RECORDS TO USE -
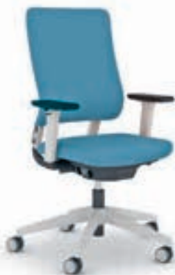
Arbeitsplatzstuhl Siège de travail

La gamme Drumback est particulièrement étendue et repose sur un même concept fort de design. Outre le siège de travail, elle propose différents types de sièges visiteurs, un siège pivotant de conférence et même un siège haut pour le bar. Une version NPR du siège de travail s'adresse aux personnes de particulièrement petites et grandes tailles grâce à une course de réglages étendue. C'est la solution d'assise idéale pour les postes de travail partagé.
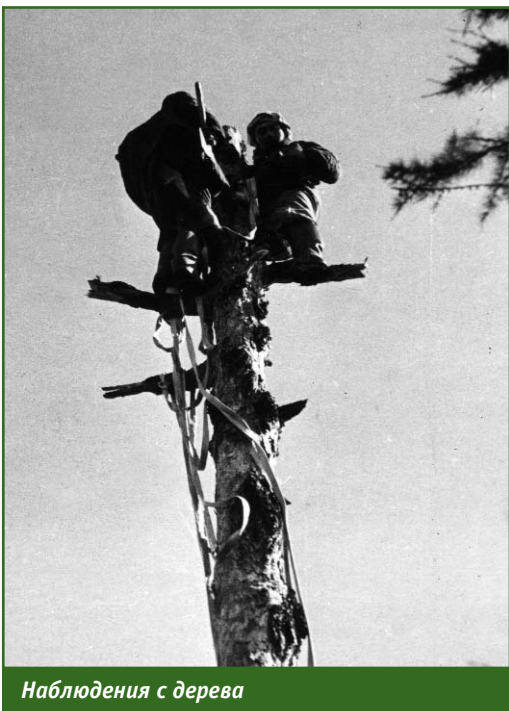
Наблюдения с дерева

Скажу честно, не раз в голову закрадывалась мысль: а не пора ли остановиться и поставить точку на полевых работах? Особенно, когда возвращаешься домой в декабре-январе месяце. Но наступает март, в окно начинает заглядывать ласковое солнышко, и уже не сидится. Душа где-то за Уралом. Новый полевой сезон, новые люди, новые встречи. И я не одинок. Нас много таких.
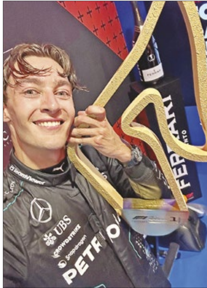
George Russell surpreendeu e vence o GP da Áustria 2024

Charles Leclerc foi aos boxes novamente na 17ª volta. Ele
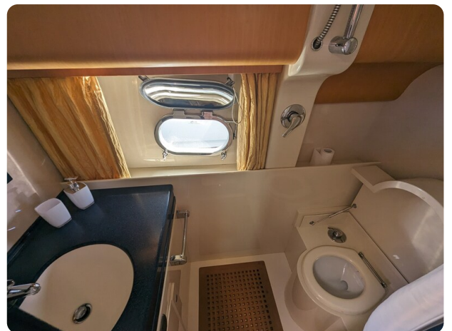
Sarnico 58 guest bathroom
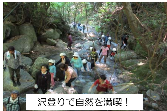
沢登りで自然を満喫！

TASK DETAILS -
Copy every record exactly, dropping the images.

RESULT FOR THIS EXERCISE -
Arbeitsplatzstuhl Siège de travail

La gamme Drumback est particulièrement étendue et repose sur un même concept fort de design. Outre le siège de travail, elle propose différents types de sièges visiteurs, un siège pivotant de conférence et même un siège haut pour le bar. Une version NPR du siège de travail s'adresse aux personnes de particulièrement petites et grandes tailles grâce à une course de réglages étendue. C'est la solution d'assise idéale pour les postes de travail partagé.
Наблюдения с дерева

Скажу честно, не раз в голову закрадывалась мысль: а не пора ли остановиться и поставить точку на полевых работах? Особенно, когда возвращаешься домой в декабре-январе месяце. Но наступает март, в окно начинает заглядывать ласковое солнышко, и уже не сидится. Душа где-то за Уралом. Новый полевой сезон, новые люди, новые встречи. И я не одинок. Нас много таких.
George Russell surpreendeu e vence o GP da Áustria 2024

Charles Leclerc foi aos boxes novamente na 17ª volta. Ele
Sarnico 58 guest bathroom
沢登りで自然を満喫！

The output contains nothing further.